Hallo miteinander...

Ich möchte ein kreisrundes Favicon mit transparentem Hintergrund erstellen.
Das Problem dabei ist, dass sich am Ende immer ein hässlicher weisser Rand um das Bild bildet. 

Man kann das hier sehen.

Ich möchte das am liebsten so haben, wie im Attachement zu sehen.
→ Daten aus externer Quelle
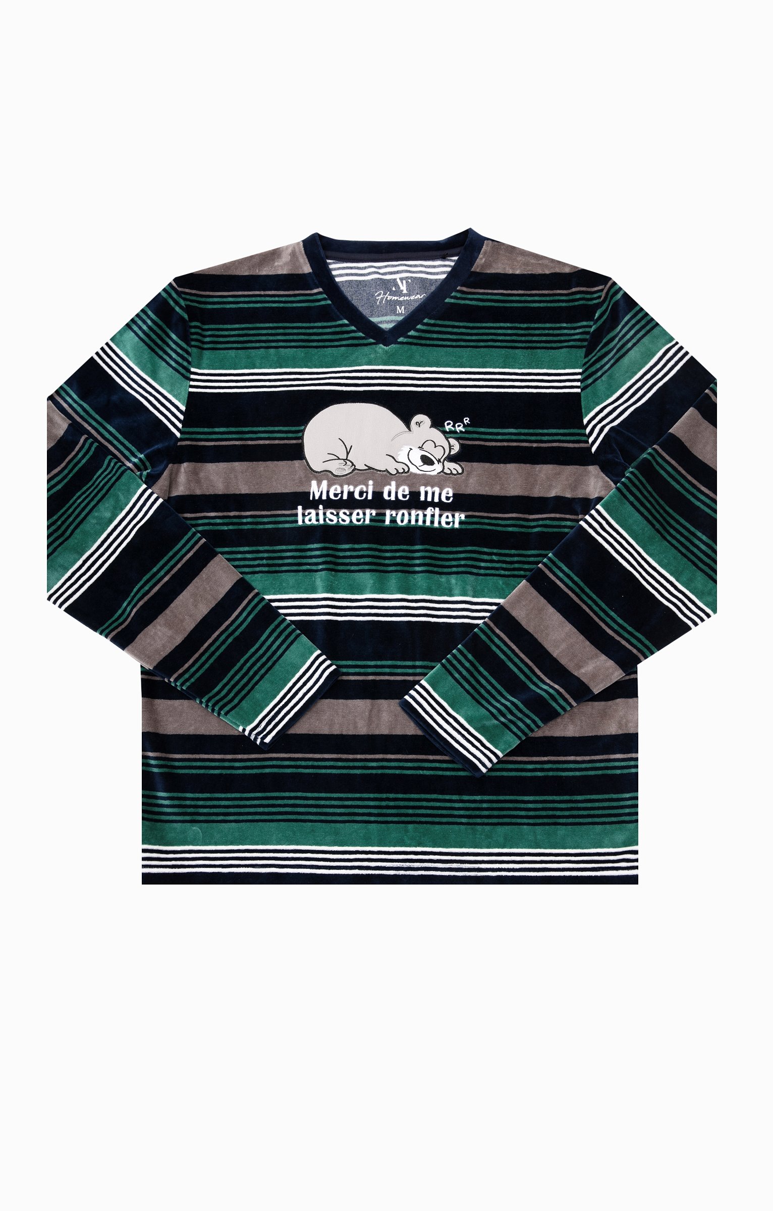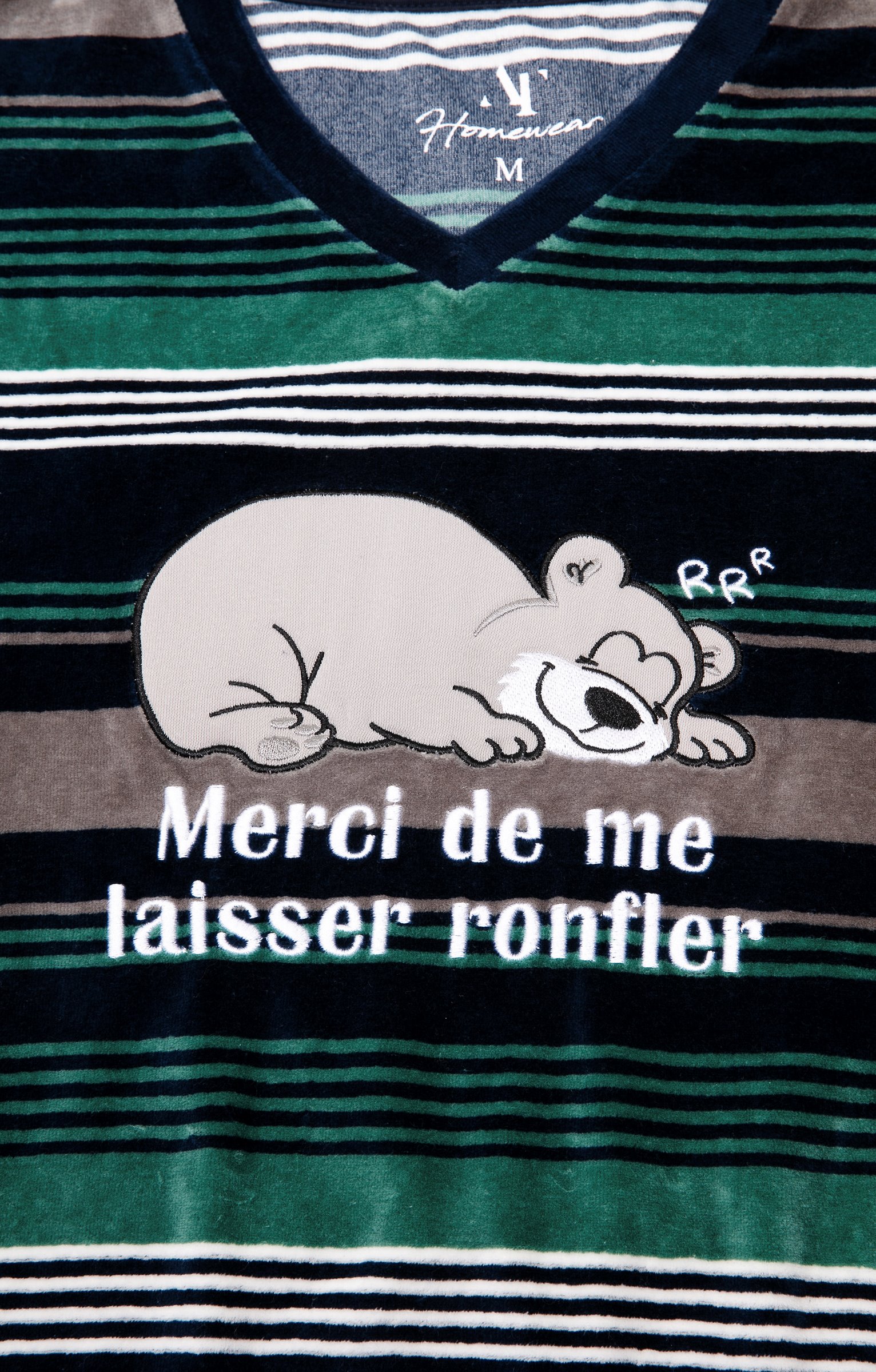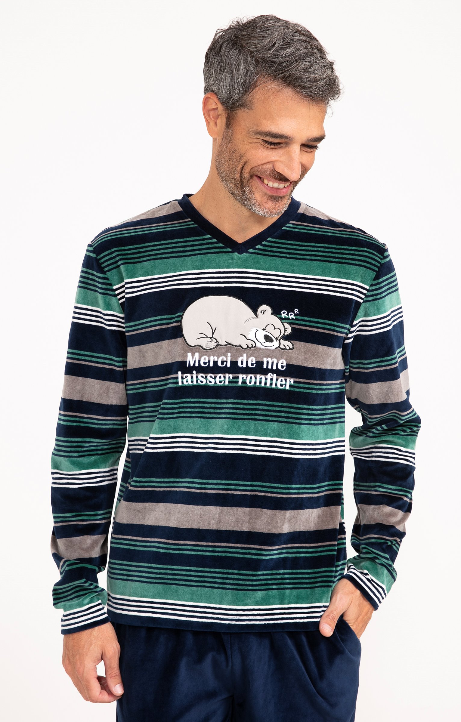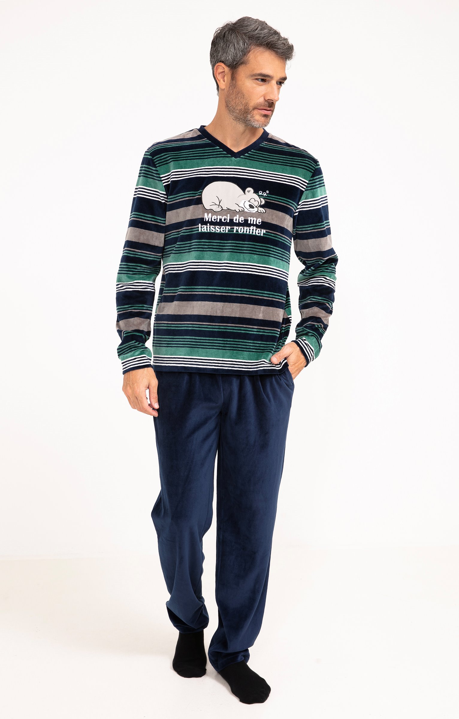 Pyjama long dépareillé. T-shirt coupe droite. Manches longues. Col V. Haut rayé avec motifs ours avec le message « Merci de me laisser ronfler ». Motifs en tissu appliqué avec détails brodés. Pantalon droit. Taille élastiquée. 2 poches italiennes devant. Coloris uni. Tissu en velours.
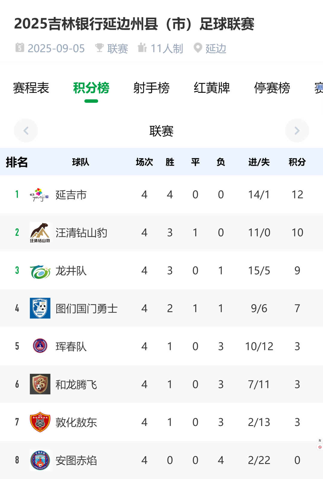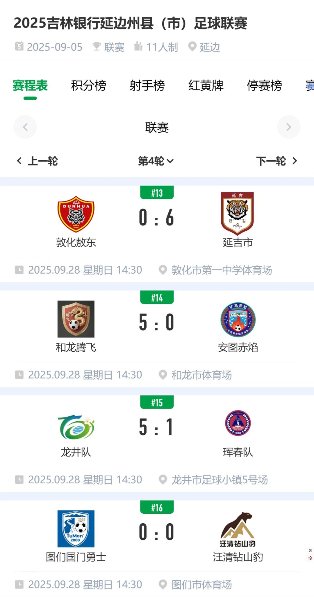 注:在第三轮比赛当中,因和龙腾飞队未经报名程序确认的运动员参与比赛,组委会纪律委员会根据《中国足球协会纪律准则》,对和龙腾飞队给予警告,并判罚0:3负于汪清钻山豹队。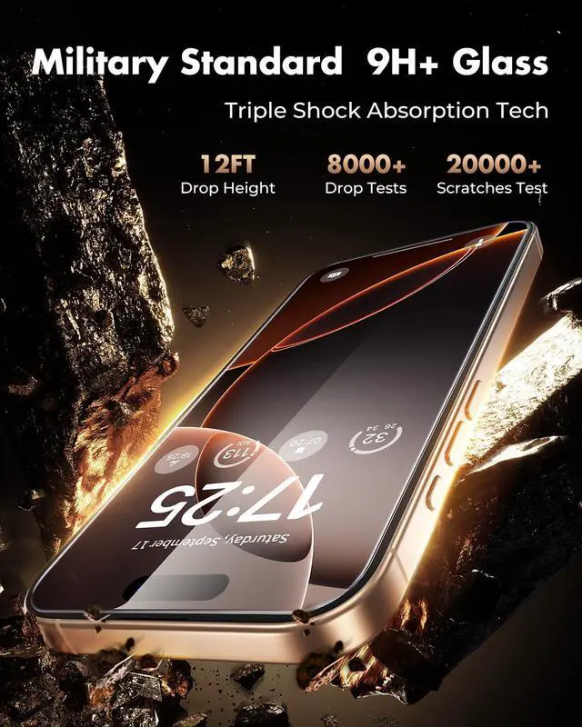 Military-grade durability, tough as nails: Made with 9H+ glass, this iPhone 16 Pro Max protector passed 220lb pressure and 12ft drop tests. Reinforced edges guard against cracks and chips from daily impact and scratches.

Kann mir jemand einen Rat geben, wie ich das zustande bringen kann?

Vielen Dank schon mal


----------



## bayersoftware (31. Mai 2008)

In welchem Dateiformat speicherst du dein Favicon denn?


----------



## tinella (2. Juni 2008)

Danke für deine Antwort!

Ich speicher das als .ico Format, gebe dem File einfach die .ico Endung.
Habe das Ico-Plugin für Photoshop installiert, aber kann es nirgends finden deshalb mach ichd as so. Ist das der falsche Weg?


----------



## bayersoftware (2. Juni 2008)

Wenn das ICO-Plugin für Photoshop nicht funktioniert ist es der falsche weg. Anscheinend Funktioniert es aber, sonst hättest du (vermute ich mal) gar kein Bild


----------



## janoc (2. Juni 2008)

Hast du schon mal transparente gif oder png probiert?

http://de.wikipedia.org/wiki/Favicon


----------